Saturday, October 2, 2010

Assessing the core of 'Hoosier Values'

Previously published in the Terre Haute Tribune Star, April 15, 2006

Two letters to the Tribune-Star last week were about “Hoosier values.” Both were satirical. It is rare to see anyone outside the clergy and some social scientists discuss “values” in anything like a meaningful manner today because such discussions are almost an automatic hot button issue. It shouldn’t be, but since the late 1970s and early 1980s “values” have been used to divide people along political lines. Doing so has made civil discussion of “values” that much more difficult.

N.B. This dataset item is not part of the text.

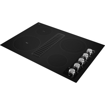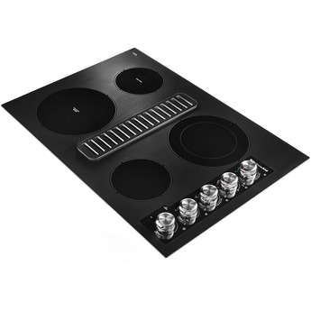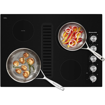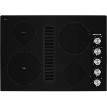 The integrated ventilation system on the KitchenAid-KCED600GBL 30" Black Smoothtop Electric Cooktop with Downdraft Ventilation affords owners to save from buying a separate range hood for their KitchenAid cooktop. This appliance maintains its beautiful sleek appearance with a Cookshield finish that protects it against scratches. Plus, stainless steel control knobs add to its eye-catching appeal. Two double-ring elements provide versatility in cooking, in addition to a 10" and 6" element, all equipped with Even-Heat Technology offering a wide range of heat options from low to high. The 300 CFM motor on the downdraft effectively clears the air while cooking with high heat.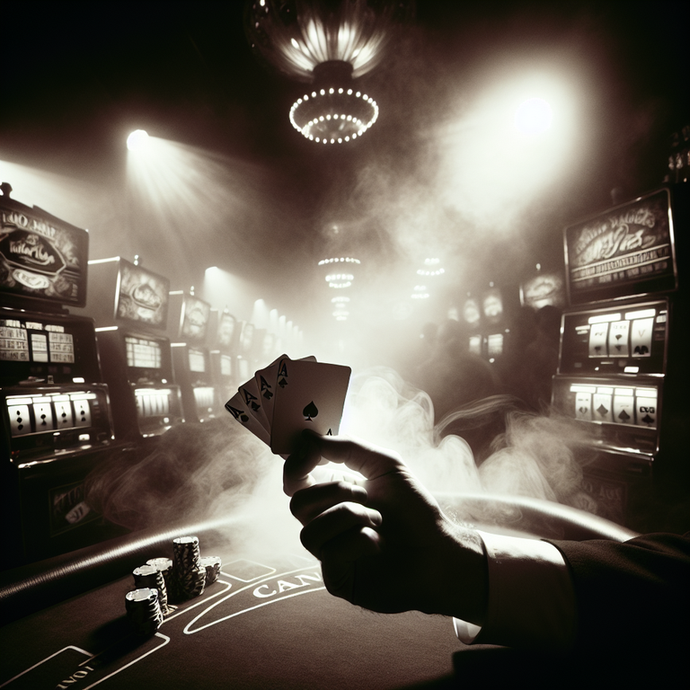 Film noir: Intense, suspenseful, dangerous ; A gambler’s hand holding a pair of aces; close-up; Gaming; A smoky, dimly lit casino with flashing lights and the sound of slot machines.; cinematic

Most people, unless they have really given careful thought to it, aren’t consciously aware of their values. We confuse beliefs with values all the time. Values refer to standards that people use as a reference point to help them evaluate behavior, things and ideas. Let’s take an easy example: freedom. Many people value freedom to the point they will die for it. Indeed, it is hard to find a person who doesn’t value freedom. Yet, people may differ on how best, as a society, to assure that we are free, so some see government as an inherent threat to our freedom and believe in limited government.

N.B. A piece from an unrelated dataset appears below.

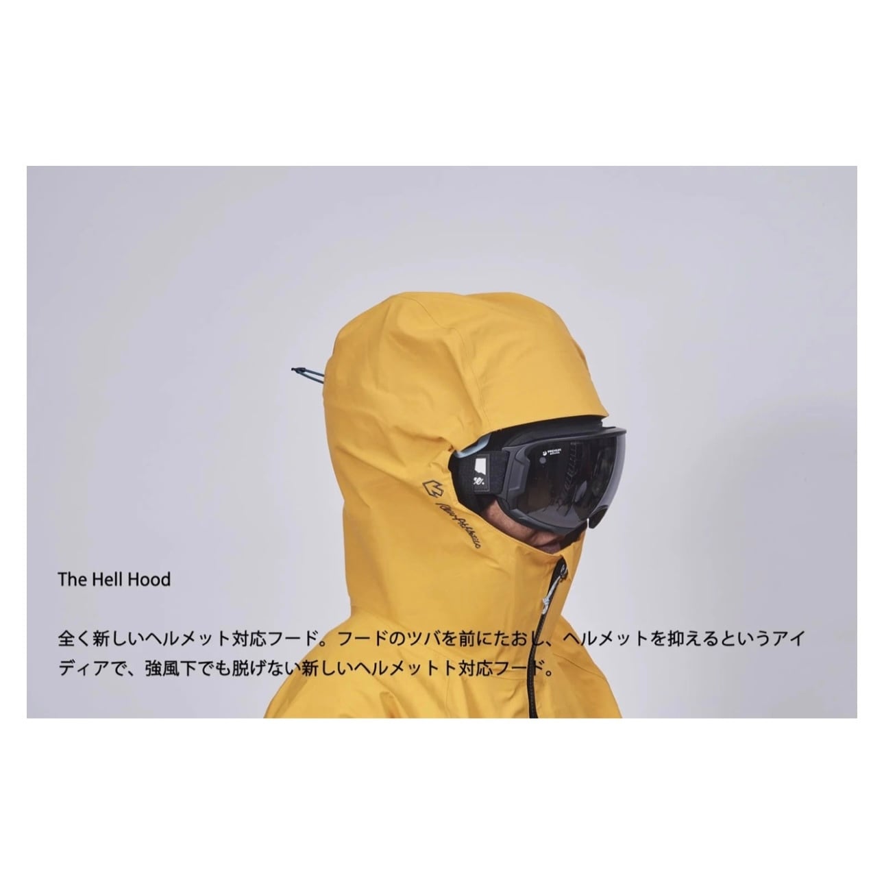 『ゲレンデユースやカービングをメインに、バックカントリーまでカバーする超軽量GORE-TEX 3Lジャケット。幅が広く、少し丈が短い、カービングの動きを考慮した専用のシルエットで、動きやすくて疲れません。』

Others might view threats to freedom as coming from predatory individuals and thus believe government should actively defend our freedoms. Both beliefs stem from the same value.

Most people don’t adhere to just a single value. They have values. And nothing says that values must fit perfectly together. So, most Americans value freedom but hold different beliefs about how best to create and maintain it. Most Americans also value security. These two values can be seen rubbing against each other in our discussions about trying to balance freedom and security in the face of terrorism.

The current debate about immigration reflects a different emphasis on specific values. Many of those who oppose anything that could be considered amnesty do so not because of xenophobia or racism (as many detractors suggest), but because they value obedience to authority. The idea that lawbreakers, illegal aliens, could be rewarded with citizenship is just beyond their comprehension. Others valuing “compassion” are less concerned about rewarding lawbreakers and more about improving the lives of these desperate people.

I never heard of Florida or Virginia values when I lived there. Last week’s letter writers mocked the idea of “Hoosier values,” but as an observer for almost 20 years, if there even is a distinct set of values that could be called Hoosier, I’d have to include among them stability, particularism (I’ll explain in a bit), and humility and modesty.

Hoosiers value stability. This is why they resist change, even change that can be shown to be beneficial to them. I think most everyone prefers stability, very few really value change for change sake, but the Hoosier value of stability I think goes beyond just the common preference. I’m not sure I could explain here the high value Hoosiers place on stability, but suffice it to say that it leads to almost a knee-jerk suspicion of change. It is almost as though to change is to dishonor those in the past.

Particularism refers to treating people as unique individuals. It is the ideal of the small town where “everyone knows your name.” One is not treated as an anonymous customer or number. More traditional and rural cultures are rooted in particularism whereas more modern and urban cultures are more universalistic, treating people the same and more anonymously. Having a brother at the bank is an advantage in a particularistic culture but it matters little in a universalistic one. I think this is why things like zoning and high-stakes educational testing and standards are viewed so suspiciously here. I think it also is why there is uneasiness with things big in Indiana, from government to business. The value of particularism may be why the very idea of “Hoosier values” seems appealing to so many.

Lastly, humility and modesty are, however, often hard to distinguish from a lack of ambition and low expectations. For too many Hoosiers, it seems difficult to reconcile the values of humility and modesty with a willingness to demand better, whether of themselves or of their elected officials.

Someone wanting to flaunt their “Hoosier values” would be a multi-generation Hoosier following in a relative’s footsteps, be a quick study of people’s names and hometowns, and would be humble and modest emphasizing that all they needed to learn they learned in church, at grandma’s knee and playing ball.